RECORDS

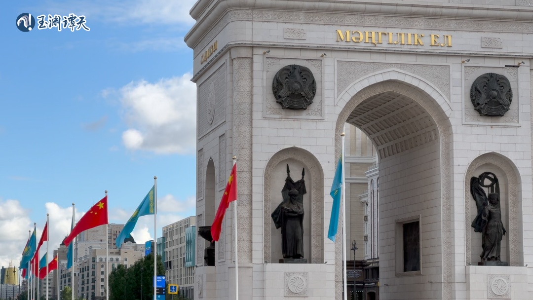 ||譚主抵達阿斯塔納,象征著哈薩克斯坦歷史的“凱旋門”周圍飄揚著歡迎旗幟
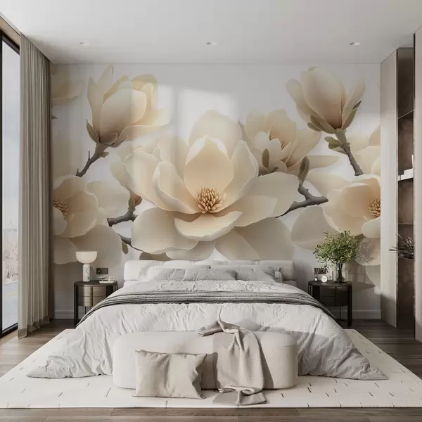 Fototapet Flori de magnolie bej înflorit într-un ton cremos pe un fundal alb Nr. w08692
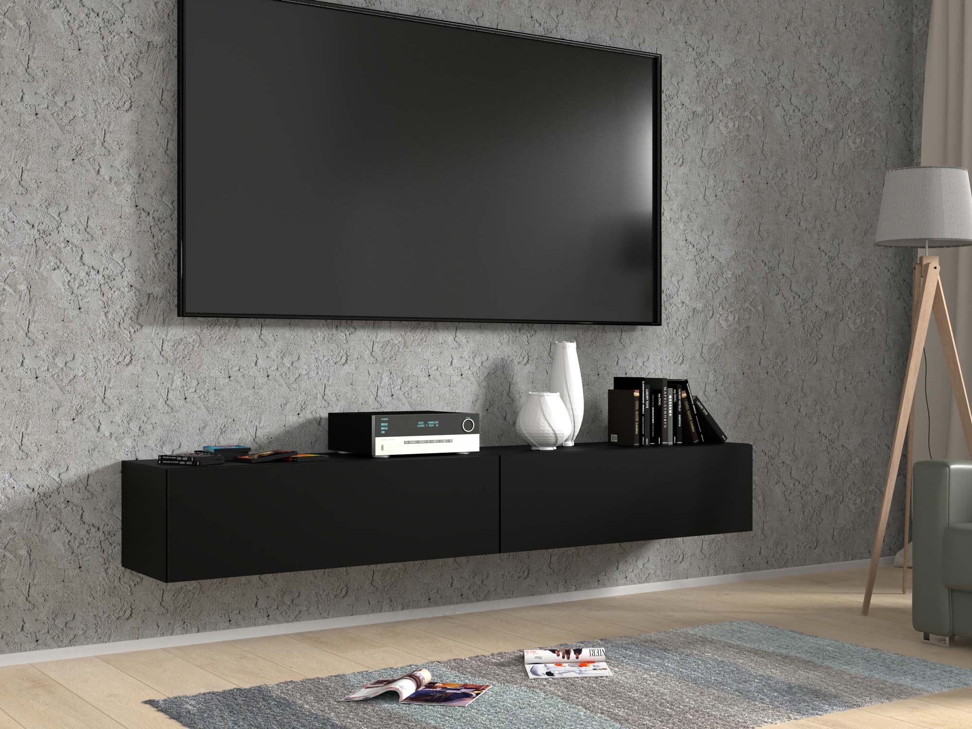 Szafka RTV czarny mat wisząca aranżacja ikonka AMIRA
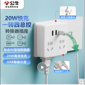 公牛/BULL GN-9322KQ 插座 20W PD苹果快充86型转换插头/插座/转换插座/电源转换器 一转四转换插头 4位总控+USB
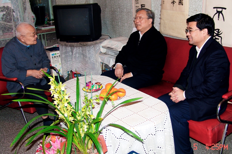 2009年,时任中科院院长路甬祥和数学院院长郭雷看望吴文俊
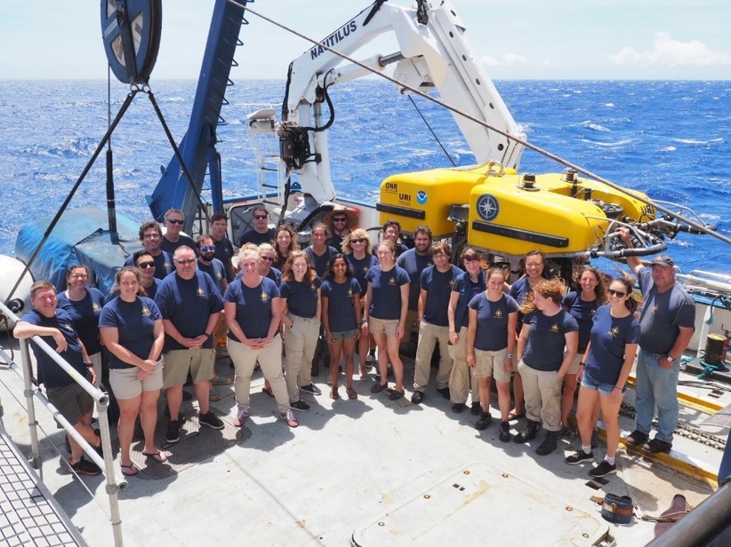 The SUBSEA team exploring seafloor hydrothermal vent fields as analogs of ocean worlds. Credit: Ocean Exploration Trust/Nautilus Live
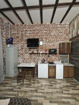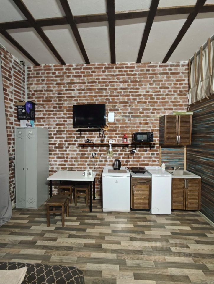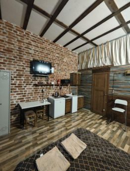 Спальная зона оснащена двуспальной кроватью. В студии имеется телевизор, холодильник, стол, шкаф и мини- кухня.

==

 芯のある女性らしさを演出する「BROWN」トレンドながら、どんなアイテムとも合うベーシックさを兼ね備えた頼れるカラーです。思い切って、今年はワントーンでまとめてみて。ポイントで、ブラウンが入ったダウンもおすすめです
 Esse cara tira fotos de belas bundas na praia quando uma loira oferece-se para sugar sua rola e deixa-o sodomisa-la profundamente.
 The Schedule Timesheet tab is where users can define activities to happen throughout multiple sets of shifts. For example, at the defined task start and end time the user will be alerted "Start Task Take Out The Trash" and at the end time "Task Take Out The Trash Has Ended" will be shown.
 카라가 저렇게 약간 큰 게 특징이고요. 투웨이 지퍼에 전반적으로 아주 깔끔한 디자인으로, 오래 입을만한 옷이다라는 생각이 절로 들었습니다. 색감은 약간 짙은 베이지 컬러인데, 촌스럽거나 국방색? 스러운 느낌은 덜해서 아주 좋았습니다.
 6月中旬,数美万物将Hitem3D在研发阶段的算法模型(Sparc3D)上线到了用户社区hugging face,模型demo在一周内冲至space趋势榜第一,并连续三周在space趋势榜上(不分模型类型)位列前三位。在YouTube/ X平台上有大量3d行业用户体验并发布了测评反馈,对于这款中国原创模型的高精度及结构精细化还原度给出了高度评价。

---

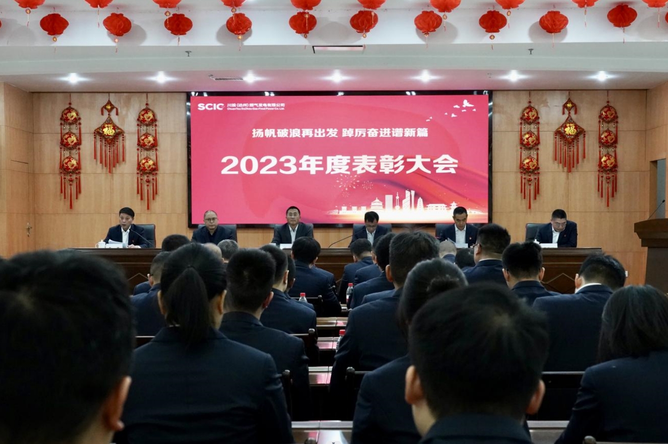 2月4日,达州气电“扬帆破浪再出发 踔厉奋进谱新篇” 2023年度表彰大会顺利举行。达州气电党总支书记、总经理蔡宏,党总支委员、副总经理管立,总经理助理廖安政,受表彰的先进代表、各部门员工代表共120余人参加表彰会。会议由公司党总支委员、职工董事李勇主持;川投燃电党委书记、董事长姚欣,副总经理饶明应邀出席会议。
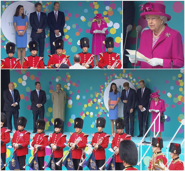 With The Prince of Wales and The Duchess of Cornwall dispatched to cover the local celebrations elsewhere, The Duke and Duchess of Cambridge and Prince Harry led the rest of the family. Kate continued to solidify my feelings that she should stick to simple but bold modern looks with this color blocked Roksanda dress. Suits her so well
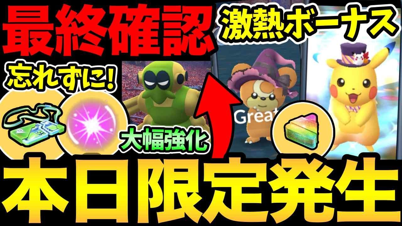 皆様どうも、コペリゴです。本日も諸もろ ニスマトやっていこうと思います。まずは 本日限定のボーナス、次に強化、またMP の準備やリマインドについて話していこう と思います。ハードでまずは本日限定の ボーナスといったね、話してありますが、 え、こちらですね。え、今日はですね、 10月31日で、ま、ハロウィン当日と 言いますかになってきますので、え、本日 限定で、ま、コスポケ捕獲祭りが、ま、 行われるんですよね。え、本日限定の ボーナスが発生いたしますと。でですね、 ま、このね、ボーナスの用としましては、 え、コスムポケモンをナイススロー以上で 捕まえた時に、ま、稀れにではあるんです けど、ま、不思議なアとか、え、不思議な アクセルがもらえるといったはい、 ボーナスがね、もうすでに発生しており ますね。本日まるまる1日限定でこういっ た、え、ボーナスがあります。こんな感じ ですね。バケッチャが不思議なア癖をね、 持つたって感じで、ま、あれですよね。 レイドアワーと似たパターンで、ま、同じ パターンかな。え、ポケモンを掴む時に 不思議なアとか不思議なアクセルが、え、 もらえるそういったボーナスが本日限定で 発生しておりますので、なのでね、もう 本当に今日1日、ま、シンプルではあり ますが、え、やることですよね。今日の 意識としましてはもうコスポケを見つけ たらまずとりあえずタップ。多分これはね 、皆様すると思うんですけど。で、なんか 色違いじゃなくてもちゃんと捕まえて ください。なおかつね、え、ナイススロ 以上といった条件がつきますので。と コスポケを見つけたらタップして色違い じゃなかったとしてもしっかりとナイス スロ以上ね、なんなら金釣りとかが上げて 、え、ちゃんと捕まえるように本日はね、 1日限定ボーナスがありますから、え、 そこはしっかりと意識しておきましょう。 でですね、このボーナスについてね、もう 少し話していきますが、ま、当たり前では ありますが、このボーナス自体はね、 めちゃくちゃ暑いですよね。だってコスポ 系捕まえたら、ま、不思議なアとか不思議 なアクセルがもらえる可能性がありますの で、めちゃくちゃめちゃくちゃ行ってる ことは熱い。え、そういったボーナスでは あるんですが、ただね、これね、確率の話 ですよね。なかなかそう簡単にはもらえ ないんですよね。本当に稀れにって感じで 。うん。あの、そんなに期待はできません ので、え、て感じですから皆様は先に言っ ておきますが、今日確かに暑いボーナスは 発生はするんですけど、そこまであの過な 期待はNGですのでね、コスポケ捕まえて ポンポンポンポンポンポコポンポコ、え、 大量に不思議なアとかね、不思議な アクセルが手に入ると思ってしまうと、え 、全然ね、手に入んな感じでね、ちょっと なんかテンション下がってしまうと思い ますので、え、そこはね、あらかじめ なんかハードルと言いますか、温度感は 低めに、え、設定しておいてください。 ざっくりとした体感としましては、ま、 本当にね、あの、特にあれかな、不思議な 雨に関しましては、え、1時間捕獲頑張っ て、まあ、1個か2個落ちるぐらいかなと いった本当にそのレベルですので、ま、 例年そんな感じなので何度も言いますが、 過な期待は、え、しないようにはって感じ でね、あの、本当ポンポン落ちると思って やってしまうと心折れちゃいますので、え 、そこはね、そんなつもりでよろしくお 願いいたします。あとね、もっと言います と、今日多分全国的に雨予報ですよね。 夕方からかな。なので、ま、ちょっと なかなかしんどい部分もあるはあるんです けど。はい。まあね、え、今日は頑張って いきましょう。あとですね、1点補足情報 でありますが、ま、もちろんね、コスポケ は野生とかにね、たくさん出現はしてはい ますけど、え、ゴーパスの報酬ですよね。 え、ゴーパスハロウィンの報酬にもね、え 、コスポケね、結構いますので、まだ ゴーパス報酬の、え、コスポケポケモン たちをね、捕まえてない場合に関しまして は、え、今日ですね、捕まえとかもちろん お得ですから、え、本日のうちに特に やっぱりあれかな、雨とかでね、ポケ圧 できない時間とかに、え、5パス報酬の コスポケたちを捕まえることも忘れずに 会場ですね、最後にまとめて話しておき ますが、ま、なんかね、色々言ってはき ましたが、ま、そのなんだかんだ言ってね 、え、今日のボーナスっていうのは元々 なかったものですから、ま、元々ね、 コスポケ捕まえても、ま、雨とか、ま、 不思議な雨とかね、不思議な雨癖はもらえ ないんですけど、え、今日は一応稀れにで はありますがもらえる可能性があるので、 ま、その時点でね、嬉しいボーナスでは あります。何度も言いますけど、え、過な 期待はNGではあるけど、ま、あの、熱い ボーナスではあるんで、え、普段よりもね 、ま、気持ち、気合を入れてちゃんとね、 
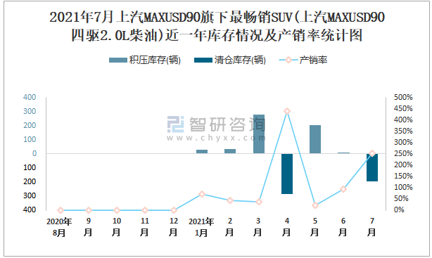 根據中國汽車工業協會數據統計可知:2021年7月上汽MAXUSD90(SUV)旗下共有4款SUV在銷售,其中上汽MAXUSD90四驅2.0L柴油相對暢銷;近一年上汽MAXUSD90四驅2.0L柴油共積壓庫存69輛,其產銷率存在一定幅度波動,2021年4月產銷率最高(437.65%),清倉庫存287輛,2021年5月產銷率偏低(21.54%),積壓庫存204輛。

WHAT TO PRODUCE
Only one part of the material above is wanted: the lines from the one with "Fototapet Flori de" up to and including the one with "Спальная зона оснащена". Please copy them exactly, pictures left out.

RESULT FOR THIS EXERCISE
 Fototapet Flori de magnolie bej înflorit într-un ton cremos pe un fundal alb Nr. w08692
 Szafka RTV czarny mat wisząca aranżacja ikonka AMIRA
 公牛/BULL GN-9322KQ 插座 20W PD苹果快充86型转换插头/插座/转换插座/电源转换器 一转四转换插头 4位总控+USB
 2009年,时任中科院院长路甬祥和数学院院长郭雷看望吴文俊
 The SUBSEA team exploring seafloor hydrothermal vent fields as analogs of ocean worlds. Credit: Ocean Exploration Trust/Nautilus Live
 Спальная зона оснащена двуспальной кроватью. В студии имеется телевизор, холодильник, стол, шкаф и мини- кухня.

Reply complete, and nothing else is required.